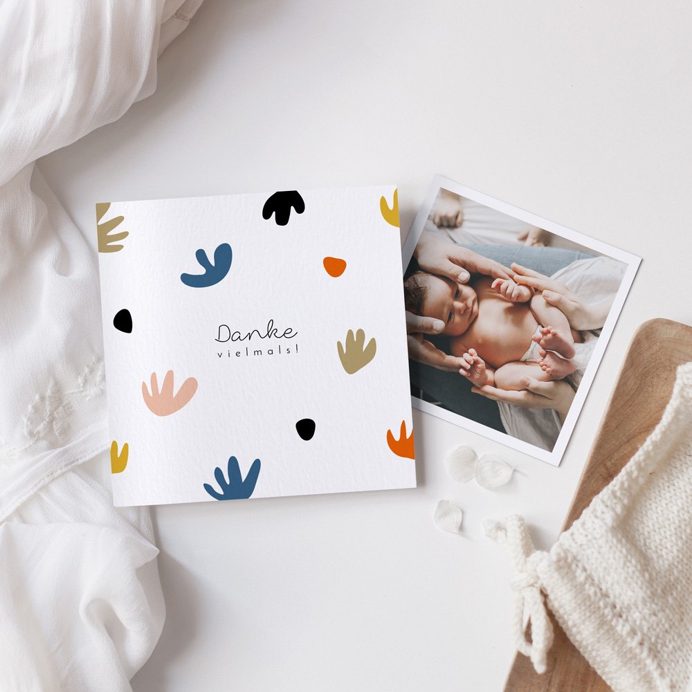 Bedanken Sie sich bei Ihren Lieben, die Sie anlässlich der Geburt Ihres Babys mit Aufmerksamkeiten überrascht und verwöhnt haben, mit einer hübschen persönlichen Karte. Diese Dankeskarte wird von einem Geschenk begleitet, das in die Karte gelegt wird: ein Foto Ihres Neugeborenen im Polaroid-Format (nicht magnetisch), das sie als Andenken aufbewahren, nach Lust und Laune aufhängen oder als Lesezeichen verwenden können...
* * *
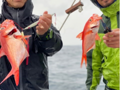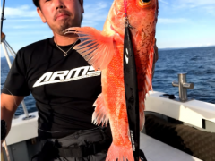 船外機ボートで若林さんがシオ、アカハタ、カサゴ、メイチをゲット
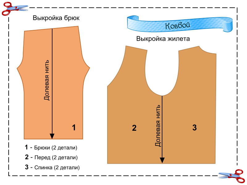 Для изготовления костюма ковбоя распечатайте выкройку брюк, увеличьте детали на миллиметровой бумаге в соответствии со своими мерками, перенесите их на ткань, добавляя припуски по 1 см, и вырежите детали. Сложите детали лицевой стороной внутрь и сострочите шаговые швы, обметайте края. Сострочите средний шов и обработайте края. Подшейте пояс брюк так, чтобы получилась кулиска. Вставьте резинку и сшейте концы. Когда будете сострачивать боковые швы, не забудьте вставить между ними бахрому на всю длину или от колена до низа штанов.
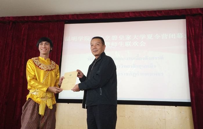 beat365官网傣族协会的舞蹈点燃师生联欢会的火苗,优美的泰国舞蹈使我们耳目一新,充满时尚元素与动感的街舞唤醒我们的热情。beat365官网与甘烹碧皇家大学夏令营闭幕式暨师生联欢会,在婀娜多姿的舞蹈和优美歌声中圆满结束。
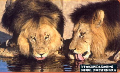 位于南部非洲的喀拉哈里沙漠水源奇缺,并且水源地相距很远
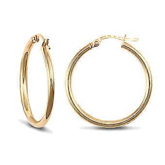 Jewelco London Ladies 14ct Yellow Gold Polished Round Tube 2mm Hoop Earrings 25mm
* * *
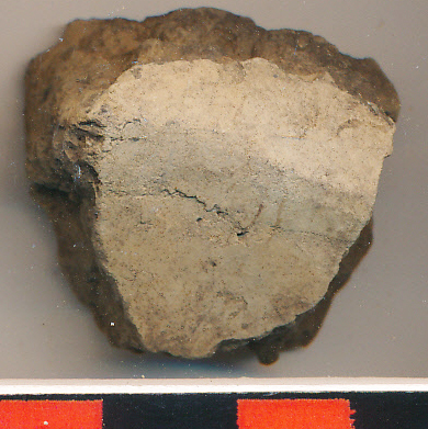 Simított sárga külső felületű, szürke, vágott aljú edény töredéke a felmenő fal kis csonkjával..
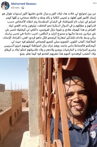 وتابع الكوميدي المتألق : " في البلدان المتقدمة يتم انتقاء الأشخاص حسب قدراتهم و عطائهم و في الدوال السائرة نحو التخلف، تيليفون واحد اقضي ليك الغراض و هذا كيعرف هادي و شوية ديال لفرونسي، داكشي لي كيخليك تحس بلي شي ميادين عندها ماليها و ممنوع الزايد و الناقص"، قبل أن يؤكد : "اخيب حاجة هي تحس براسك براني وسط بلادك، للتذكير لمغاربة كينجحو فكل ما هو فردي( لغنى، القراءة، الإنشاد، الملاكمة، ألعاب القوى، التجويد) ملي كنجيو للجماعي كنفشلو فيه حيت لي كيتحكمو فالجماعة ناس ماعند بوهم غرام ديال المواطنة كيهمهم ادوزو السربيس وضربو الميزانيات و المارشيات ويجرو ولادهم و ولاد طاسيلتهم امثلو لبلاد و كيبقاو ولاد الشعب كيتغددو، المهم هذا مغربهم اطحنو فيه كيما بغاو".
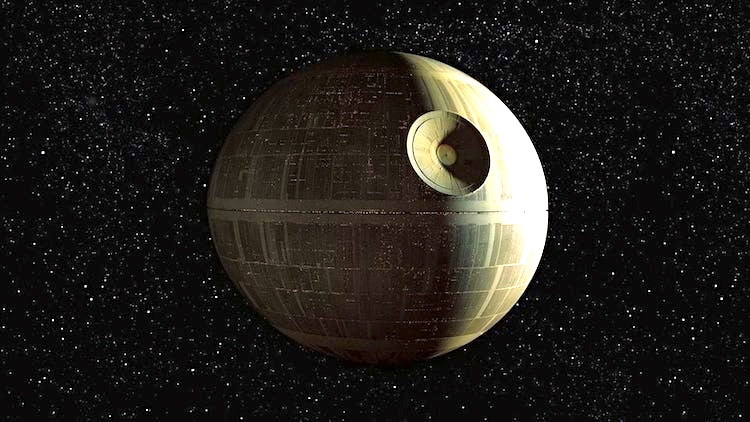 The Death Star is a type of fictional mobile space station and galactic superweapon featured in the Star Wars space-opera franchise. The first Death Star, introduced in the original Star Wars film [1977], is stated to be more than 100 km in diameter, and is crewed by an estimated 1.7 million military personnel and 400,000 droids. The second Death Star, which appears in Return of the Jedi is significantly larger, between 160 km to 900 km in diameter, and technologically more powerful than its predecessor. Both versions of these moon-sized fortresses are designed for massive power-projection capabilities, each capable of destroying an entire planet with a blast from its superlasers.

ASSIGNED TASK: With pictures excluded, reproduce exactly the lines above from the one containing "beat365官网傣族协会的" down to the one containing "Jewelco London Ladies", those two included.

WRITTEN RESPONSE:
 beat365官网傣族协会的舞蹈点燃师生联欢会的火苗,优美的泰国舞蹈使我们耳目一新,充满时尚元素与动感的街舞唤醒我们的热情。beat365官网与甘烹碧皇家大学夏令营闭幕式暨师生联欢会,在婀娜多姿的舞蹈和优美歌声中圆满结束。
 位于南部非洲的喀拉哈里沙漠水源奇缺,并且水源地相距很远
 Jewelco London Ladies 14ct Yellow Gold Polished Round Tube 2mm Hoop Earrings 25mm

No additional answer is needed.